Nous souscrivons aux recommandations du Secrétaire général présentées dans son Rapport du Millénaire et notamment celle visant à accorder la priorité à l'élimination de la pauvreté, la prévention du VIH/sida, l’intégration des pays en développement à l'économie mondiale. Je propose que les Nations Unies accordent un plus grand soutien à la promotion de la coopération entre les pays du Sud et du Nord.
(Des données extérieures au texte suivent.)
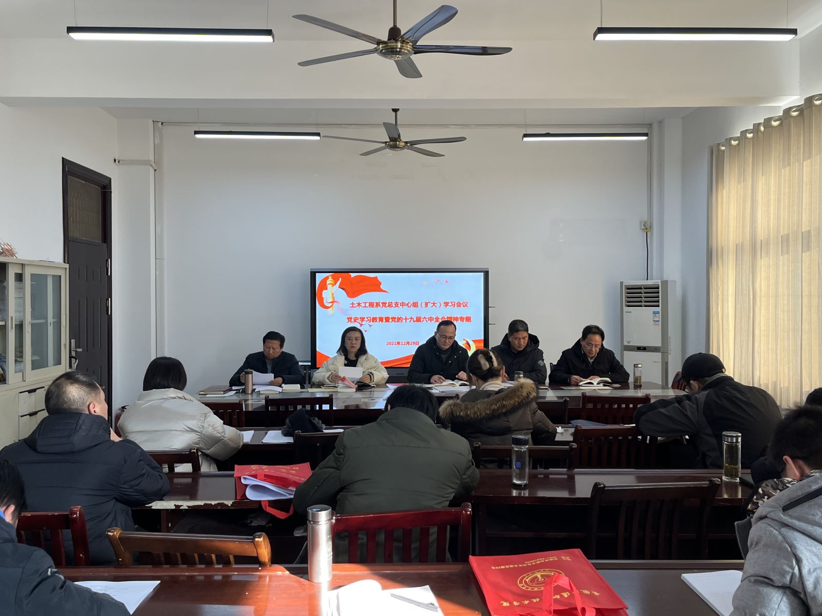 12月23日下午,土木工程系黨總支召開中心組(擴大)學習會議,專題學習黨的十九屆六中全會精神。系領導、副科級以上干部、各黨支部書記參加學習交流。

Le Viet Nam a joué et continuera de jouer un rôle actif en faveur de la paix et du développement et nous proposons de faire de la première décennie de ce siècle la Décennie des efforts mondiaux pour éliminer la pauvreté.

M. ALI ABDULLAH SALEH, Président de la République du Yémen : La convocation du Sommet du millénaire n’aurait pas eu lieu sans les grands défis qui ont marqué les relations internationales à la fin du XXème siècle. L’humanité a souffert pendant la guerre froide de conflits sanglants qui étaient préjudiciables à la liberté de l’homme et à sa dignité et qui ont dilapidé ses ressources économiques, imposant la pauvreté à des millions de personnes. Le répit intervient lorsque la démocratie et la liberté prennent le dessus et les dictatures s’effondrent et qu’une ère nouvelle commence, celle de la mondialisation, de la démocratie et du respect des droits de l’homme, une ère d’économie libre et prospère et une ère de partenariat, de coopération et de paix. Au cours de la dernière décennie du XXe siècle, le Yémen a réalisé la réunification et instauré la démocratie. Il jouit de la liberté de presse et encourage la participation des femmes à la vie publique. Maintenant, au seuil du XXIe siècle, le Yémen est en paix avec lui-même et avec ses voisins. La paix dans le pays et dans la région constitue un objectif de la politique du Yémen. Celle-ci vise essentiellement à régler les problèmes frontaliers avec ses voisins grâce au dialogue, la compréhension ou l’arbitrage, notamment avec le Sultanat d’Oman, l’Erythrée et l’Arabie Saoudite. Le Yémen souhaite développer une ère nouvelle de coopération dans la région et dans le monde, qui permettrait la libre circulation des biens, des capitaux et des personnes. Pour le Yémen, le terrorisme – phénomène international – doit être distinct de la lutte des peuples pour la reconnaissance de leurs droits et de l’indépendance. Il existe encore des peuples privés de leur liberté et de l’indépendance, notamment le peuple palestinien qui continue de vivre sous l’occupation israélienne en dépit de l’appui de la communauté internationale. A cet égard, le Yémen forme le voeu qu’une paix juste et globale soit réalisée dans la région. Tout en respectant la valeur juridique des résolutions des Nations Unies, le Yémen souligne la nécessité de mettre fin à la situation tragique du peuple iraquien et de lever les sanctions imposées contre l’Iraq depuis dix ans.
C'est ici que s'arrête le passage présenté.